Les deux bandits échangèrent une poignée de main que nous n’hésitons pas à qualifier de loyale.

– Mais, reprit Maurevert, il est entendu que tu te fais fort de m’obtenir deux cent mille livres?

– Par la barbiche du pape Sixte, qui devient malgré lui notre pourvoyeur, je te le jure, Maurevert! Il faudra que Guise t’ouvre les cordons de l’un de ces jolis sacs de blé. En sorte que tu pourras dès demain prendre ton vol vers d’autres pays, ce qui me chagrinera dans l’amitié que je te porte, mais ce qui me réjouira pour la paix que tu y gagneras. Sur ce, allons rendre compte à mon duc, et préparer notre expédition.

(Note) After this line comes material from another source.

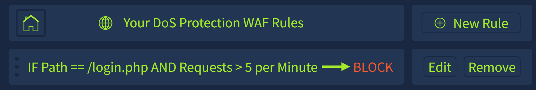 例如,您可以实施一条限速防火墙规则,将请求次数限制为/login.php每分钟五次。如果发起请求的 IP 地址请求页面超过五次,则会在一段时间内阻止其再次发起请求,或者要求其进行验证以证明该请求是人类发起的。

Ils s’éloignèrent rapidement vers Paris. Alors, du fond de la haie touffue qui bordait un champ d’avoine, et dont les ronces s’écartèrent doucement, une tête pâle apparut avec un sourire qui eût épouvanté Maurevert, et deux yeux ardents se fixèrent sur les deux hommes jusqu’à ce qu’ils eussent tourné au premier détour du chemin. Puis le corps à qui appartenait cette tête, ou, si l’on veut, qui appartenait à cette tête, sortit en rampant, se redressa, et le chevalier de Pardaillan demeura à cette place, immobile et pensif.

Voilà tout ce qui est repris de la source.